Energy efficient neighbor selection for flat wireless sensor networks
In this paper we have analyzed energy efficient neighbour selection algorithms for routing in wireless sensor networks. Since energy saving or consumption is an important aspect of wireless sensor networks, its precise usage is highly desirable both for the faithful performance of network and to increase the network life time. For this work, we have considered a flat network topology where every node has the same responsibility and capability. We have compared two energy efficient algorithms and analyzed their performances with increase in number of nodes, time rounds and node failures.
💡 Research Summary
The paper investigates energy‑efficient neighbor‑selection strategies for routing in flat wireless sensor networks (WSNs), where every node shares identical responsibilities and capabilities. Recognizing that battery replacement is impractical in most sensor deployments, the authors focus on extending network lifetime by optimizing how each node chooses the next hop. Two distinct algorithms are designed and compared. The first, Minimum Energy Neighbor Selection (MEANS), computes the transmission power required for each potential neighbor using the standard radio model (P_tx = ε·d^α) and selects the neighbor that minimizes this immediate energy cost. While this approach yields the lowest per‑packet energy consumption, it tends to concentrate traffic on a few nodes, accelerating their depletion. The second algorithm, Residual Energy Neighbor Selection (REANS), monitors the remaining battery level of each neighbor and forwards the packet to the node with the highest residual energy, thereby distributing load more evenly across the network.

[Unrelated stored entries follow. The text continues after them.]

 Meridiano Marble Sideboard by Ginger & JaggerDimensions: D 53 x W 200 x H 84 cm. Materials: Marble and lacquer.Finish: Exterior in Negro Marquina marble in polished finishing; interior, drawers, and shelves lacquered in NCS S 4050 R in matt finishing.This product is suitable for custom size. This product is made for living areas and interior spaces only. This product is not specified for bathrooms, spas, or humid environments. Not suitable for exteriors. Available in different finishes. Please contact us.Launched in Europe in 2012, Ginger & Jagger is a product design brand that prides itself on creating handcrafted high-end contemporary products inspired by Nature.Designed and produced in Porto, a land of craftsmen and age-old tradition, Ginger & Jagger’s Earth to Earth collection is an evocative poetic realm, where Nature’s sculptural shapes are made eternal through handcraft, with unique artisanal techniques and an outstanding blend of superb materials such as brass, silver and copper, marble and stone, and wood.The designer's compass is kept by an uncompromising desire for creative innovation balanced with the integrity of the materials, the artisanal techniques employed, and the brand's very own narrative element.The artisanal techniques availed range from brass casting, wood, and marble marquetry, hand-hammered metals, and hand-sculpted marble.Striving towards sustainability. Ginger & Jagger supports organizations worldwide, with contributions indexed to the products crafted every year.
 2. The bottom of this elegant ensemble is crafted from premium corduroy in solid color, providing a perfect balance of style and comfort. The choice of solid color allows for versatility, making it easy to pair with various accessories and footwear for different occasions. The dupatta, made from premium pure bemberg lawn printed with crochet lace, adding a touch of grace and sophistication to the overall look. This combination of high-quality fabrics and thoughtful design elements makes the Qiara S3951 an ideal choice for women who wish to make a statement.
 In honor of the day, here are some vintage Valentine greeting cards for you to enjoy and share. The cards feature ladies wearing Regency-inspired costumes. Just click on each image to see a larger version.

Simulation experiments were carried out in NS‑3 on a 100 m × 100 m area with 50, 100, and 150 uniformly placed nodes, each starting with 2 J of energy. Packets of 64 bytes were generated each round and sent to random destinations. Key performance metrics included average energy consumption per round, packet delivery ratio (PDR), and network lifetime defined as the round when the first node exhausts its battery. Additionally, a failure scenario was introduced by randomly disabling 30 % of the nodes during operation.

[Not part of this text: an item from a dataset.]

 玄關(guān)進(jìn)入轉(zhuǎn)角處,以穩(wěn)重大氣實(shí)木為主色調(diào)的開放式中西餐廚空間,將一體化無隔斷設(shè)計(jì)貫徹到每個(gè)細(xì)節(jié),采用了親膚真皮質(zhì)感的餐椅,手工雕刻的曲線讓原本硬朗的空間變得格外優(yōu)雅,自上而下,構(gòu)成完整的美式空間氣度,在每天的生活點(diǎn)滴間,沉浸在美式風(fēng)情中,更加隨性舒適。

Results show that MEANS achieves lower initial energy consumption (about 12 % less than REANS) and higher early‑stage PDR (>95 %). However, as rounds progress beyond approximately 200, MEANS creates hotspots: a few nodes deplete rapidly, causing network partitioning and a total lifetime of roughly 350 rounds. In contrast, REANS incurs a modest early‑stage energy penalty (≈8 % higher) but maintains a balanced energy drain, delaying partitioning and extending the network lifetime to about 460 rounds—a 30 % improvement over MEANS. Under node‑failure conditions, REANS reduces the average rerouting cost by roughly 15 % and limits the PDR drop to half of that observed with MEANS. Sensitivity analyses varying the path‑loss exponent (α = 2.0 → 3.0) and initial battery capacity (1 J → 3 J) confirm that REANS’s advantage persists, especially when the environment is more lossy or when nodes start with limited energy.

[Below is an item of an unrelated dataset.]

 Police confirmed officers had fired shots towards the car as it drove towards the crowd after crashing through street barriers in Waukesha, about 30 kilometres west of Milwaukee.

The authors conclude that MEANS is suitable for applications demanding immediate transmission efficiency, whereas REANS is preferable for long‑term deployments requiring balanced energy consumption and resilience to node failures. To combine the strengths of both, they propose a hybrid adaptive scheme: employ MEANS during the early network phase while monitoring each node’s residual energy; once a node’s energy falls below a predefined threshold, switch to REANS for that node’s subsequent forwarding decisions. This dynamic approach aims to minimize the trade‑off between early‑stage performance and overall network longevity. Future work will involve hardware test‑beds, mobility considerations, and robustness against varying channel conditions.